What needs to be done: Apart from pictures, transcribe exactly each line from the one containing "under CC BY 4.0" through the final line of the listing below.

Raw data:

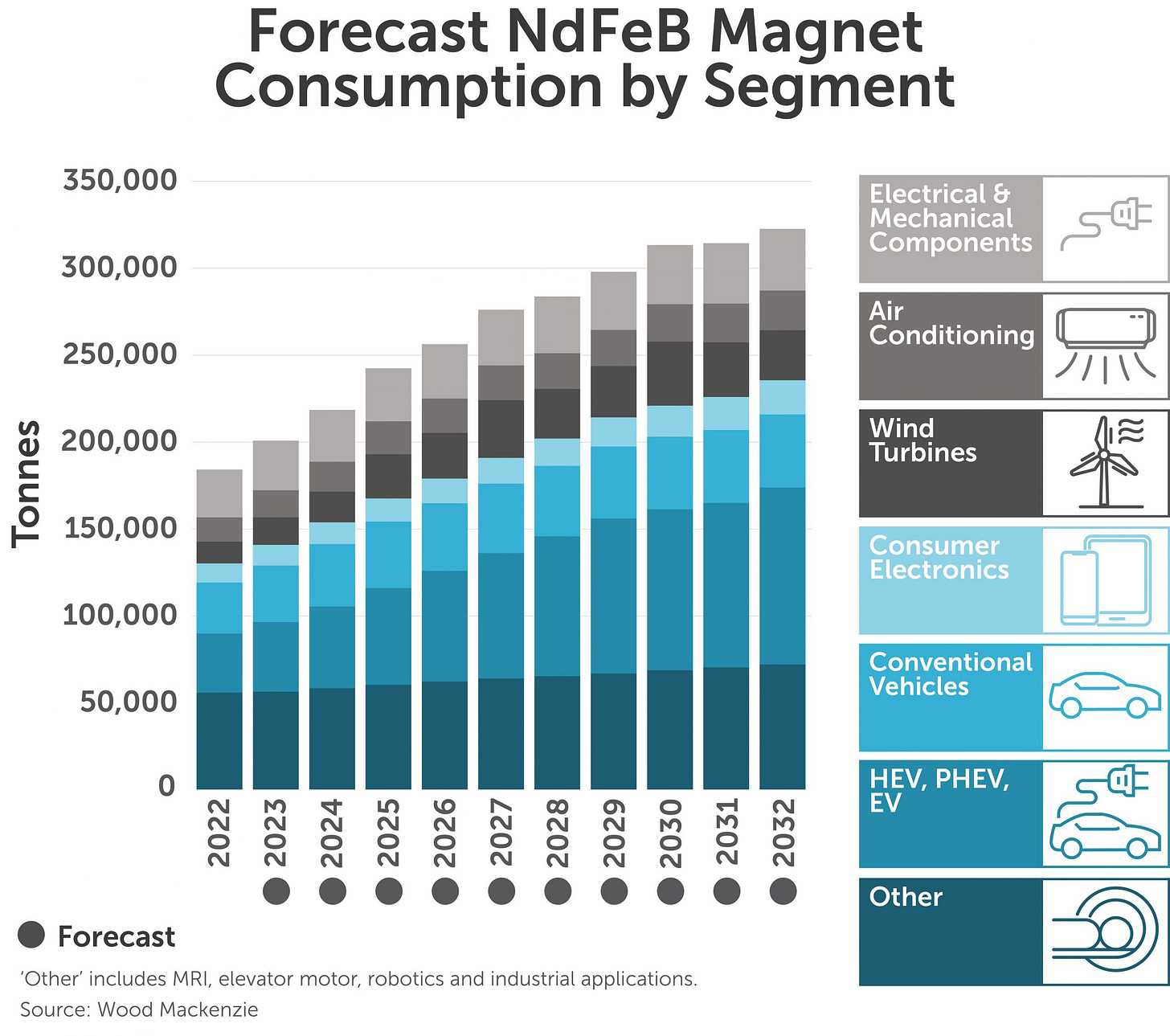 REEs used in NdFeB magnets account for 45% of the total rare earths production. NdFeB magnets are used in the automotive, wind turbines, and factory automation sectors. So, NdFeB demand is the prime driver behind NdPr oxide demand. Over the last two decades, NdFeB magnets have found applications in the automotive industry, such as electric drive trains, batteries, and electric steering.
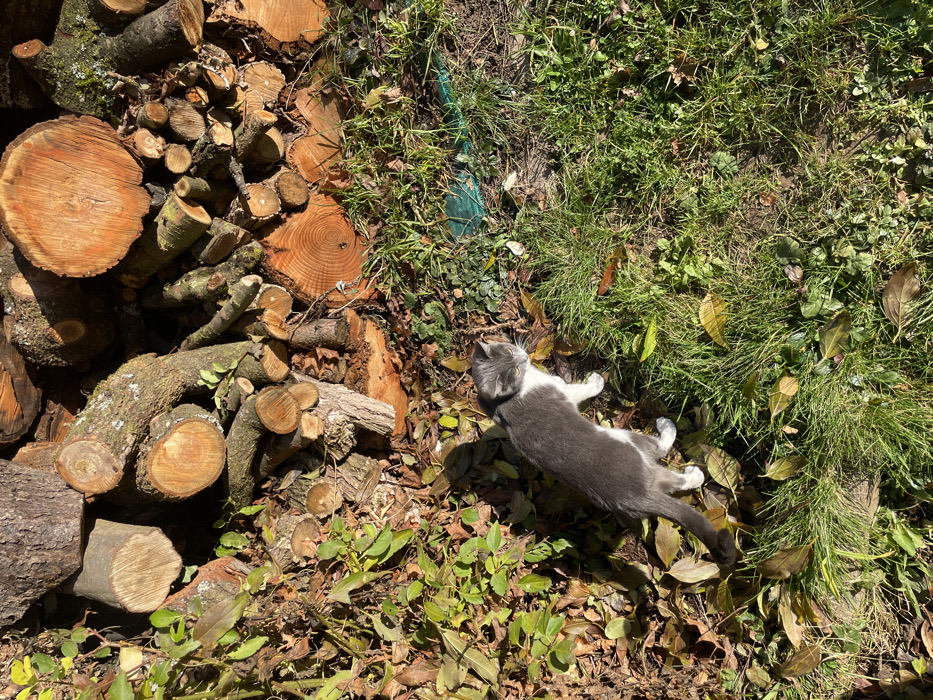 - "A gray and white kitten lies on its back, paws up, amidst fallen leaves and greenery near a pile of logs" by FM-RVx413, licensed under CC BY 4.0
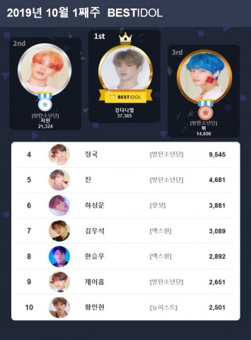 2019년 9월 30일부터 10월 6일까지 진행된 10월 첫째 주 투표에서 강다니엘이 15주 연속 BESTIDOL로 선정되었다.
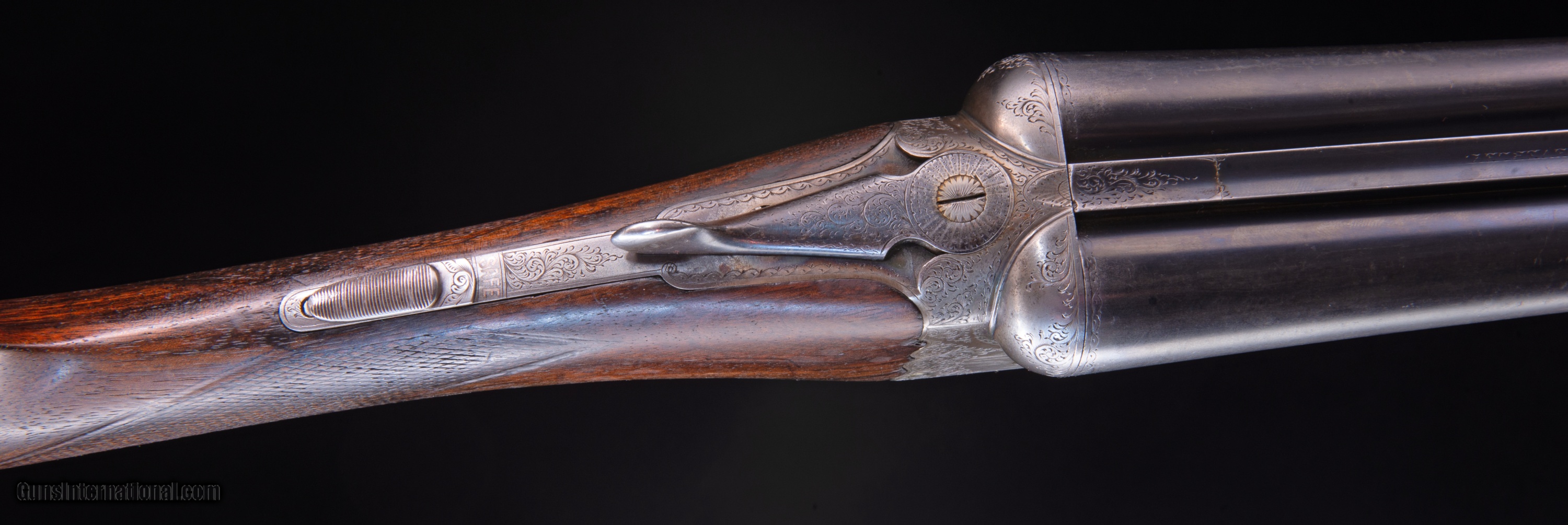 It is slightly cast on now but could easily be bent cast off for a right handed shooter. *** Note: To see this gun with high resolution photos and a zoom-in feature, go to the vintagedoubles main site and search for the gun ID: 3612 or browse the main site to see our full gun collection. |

Expected answer:
 - "A gray and white kitten lies on its back, paws up, amidst fallen leaves and greenery near a pile of logs" by FM-RVx413, licensed under CC BY 4.0
 2019년 9월 30일부터 10월 6일까지 진행된 10월 첫째 주 투표에서 강다니엘이 15주 연속 BESTIDOL로 선정되었다.
 It is slightly cast on now but could easily be bent cast off for a right handed shooter. *** Note: To see this gun with high resolution photos and a zoom-in feature, go to the vintagedoubles main site and search for the gun ID: 3612 or browse the main site to see our full gun collection. |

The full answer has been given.